Brooke’s Note: When you read about the founder of a company with the postmodern name of HelloWallet pocketing a righteous chunk of $52 million to found a new company that involves putting investor savings into annuities, it is tempting to ask why its name is United Income and not GoodbyeWallet. When you are an editor of a publication with “RIA” in its name, you are supposed to introduce an element of skepticism whenever annuity products rear their heads. See: Not without criticism, TD Ameritrade opens an 'insurance agency’ for RIAs that want to provide annuities. That skepticism is rarely, if ever, misplaced when it comes to those products. See: As variable annuities face 'existential crisis,’ LPL’s Mark Casady is the latest to warn of an end to commission-sold VAs in retirement plans. Still, we like to be proven wrong and Matt Fellowes and Morningstar have a golden opportunity to do just that with this startup.

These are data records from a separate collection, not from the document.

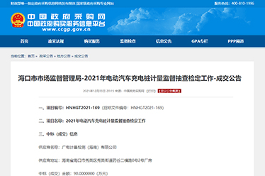 喜訊 | 海南廣電計量首獲充電樁計量監督抽查檢定政府采購項目
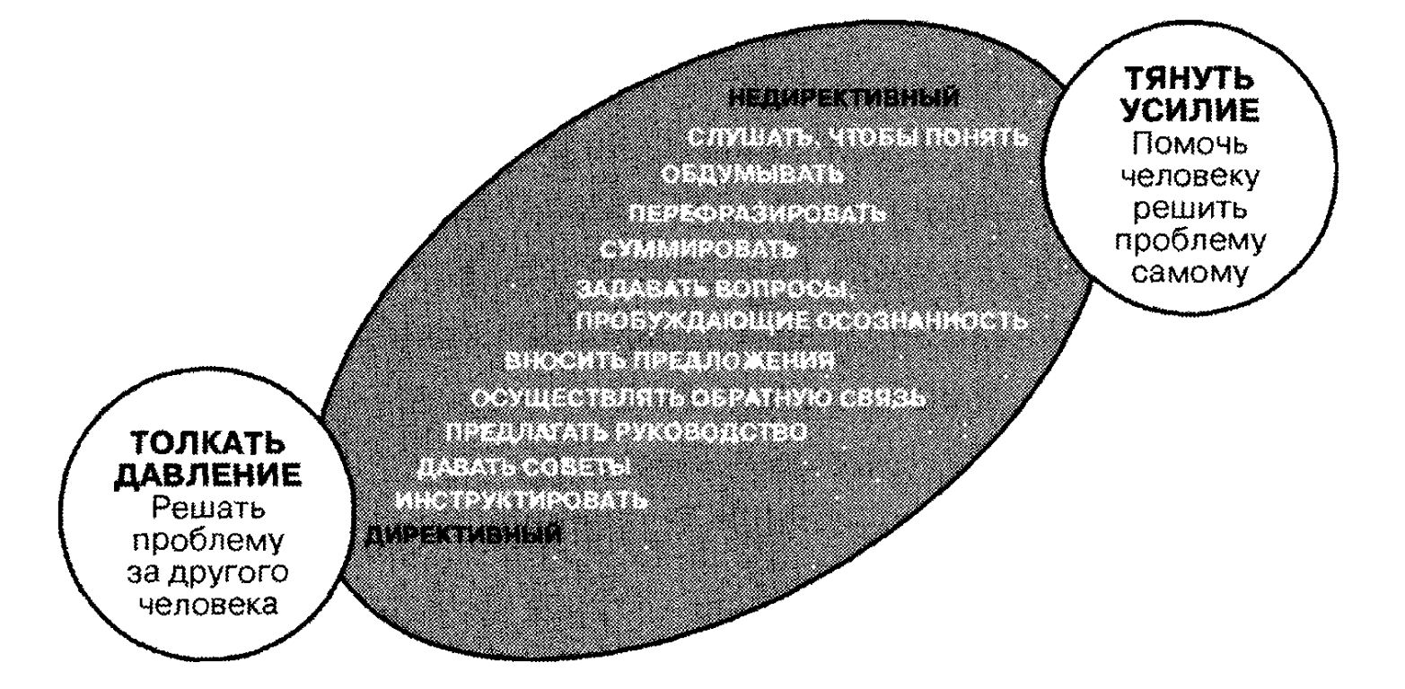 Несмотря на то что я пылко отстаиваю свое мнение об ограниченности директивного подхода, важно понять, что директивная методика также может быть использована коучем. Бывают случаи, когда коуч действительно знает ответ, а игрок топчется на одном месте, или ему действительно требуется обратная связь либо совет. В таких случаях для того, чтобы помочь, нет смысла отказываться от обратной связи или совета. Но подлинная магия все же находится в недирективной части спектра.
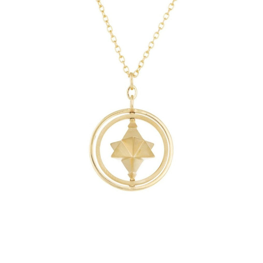 By Celine Daoust, this 14k yellow gold pendant showcases her moving star merkabah design.
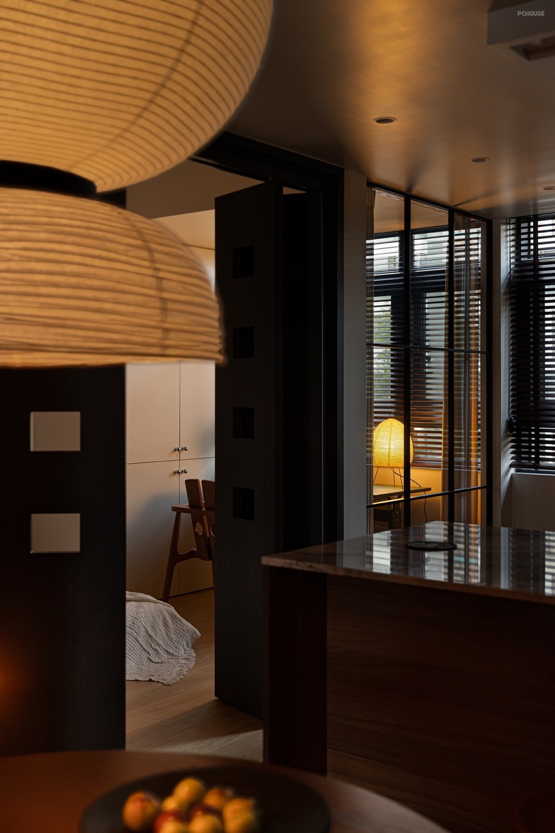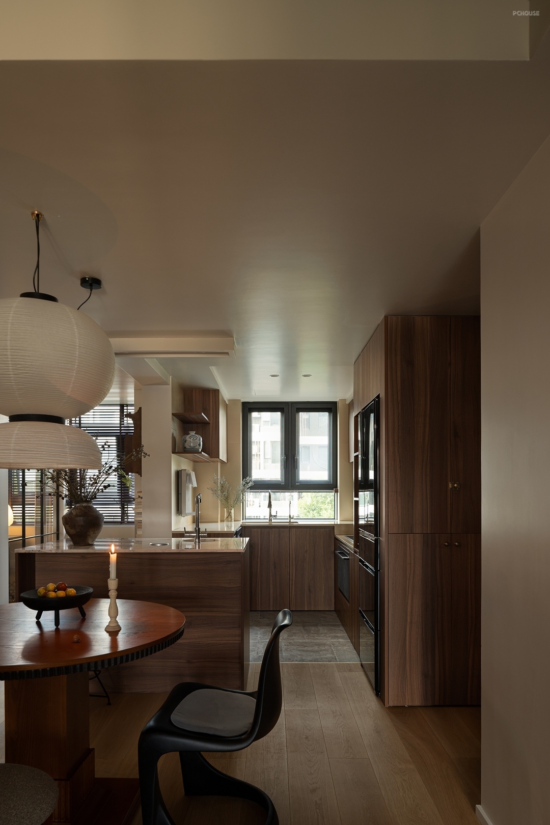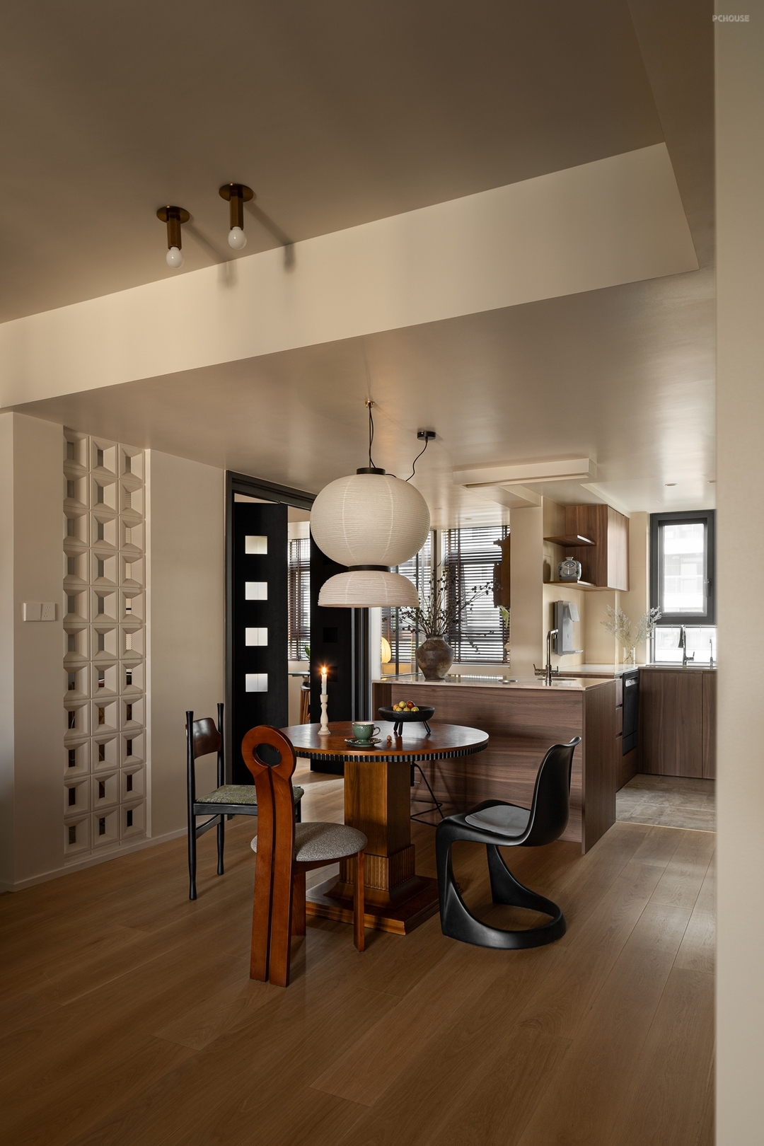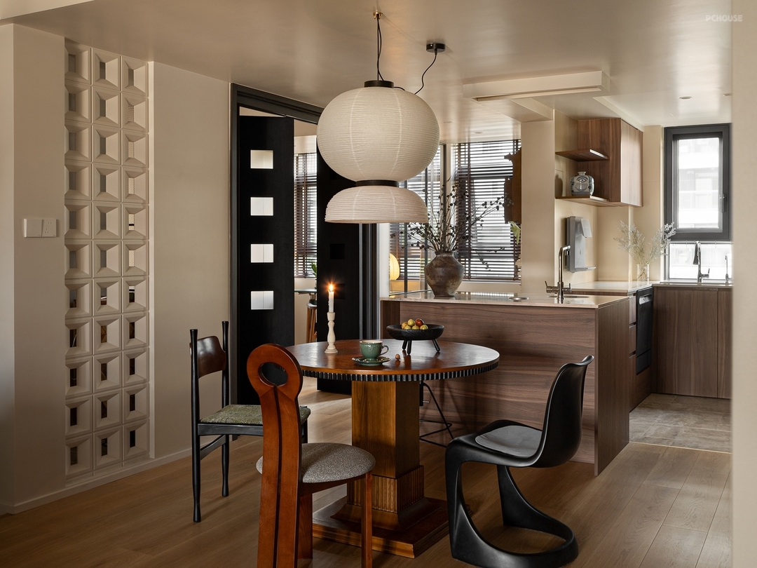 长方形岛台与圆形桌面相映成趣,四把不同造型的椅子彰显设计巧思,野口勇吊灯洒落着暖光,共构优雅用餐空间。

Matt Fellowes is getting retail investors — and Morningstar — coming and going.

In 2014, the 41-year-old founder of HelloWallet sold his firm to Morningstar Inc. for $52.5 million. Now the Chicago data tracker is staking the Washington, D.C.-based entrepreneur to another run at entrepreneurial success.

To ensure that investor assets keep coming, Fellowes’s HelloWallet introduces assets to the proverbial wallet by helping employees budget, save and make good use of their benefits.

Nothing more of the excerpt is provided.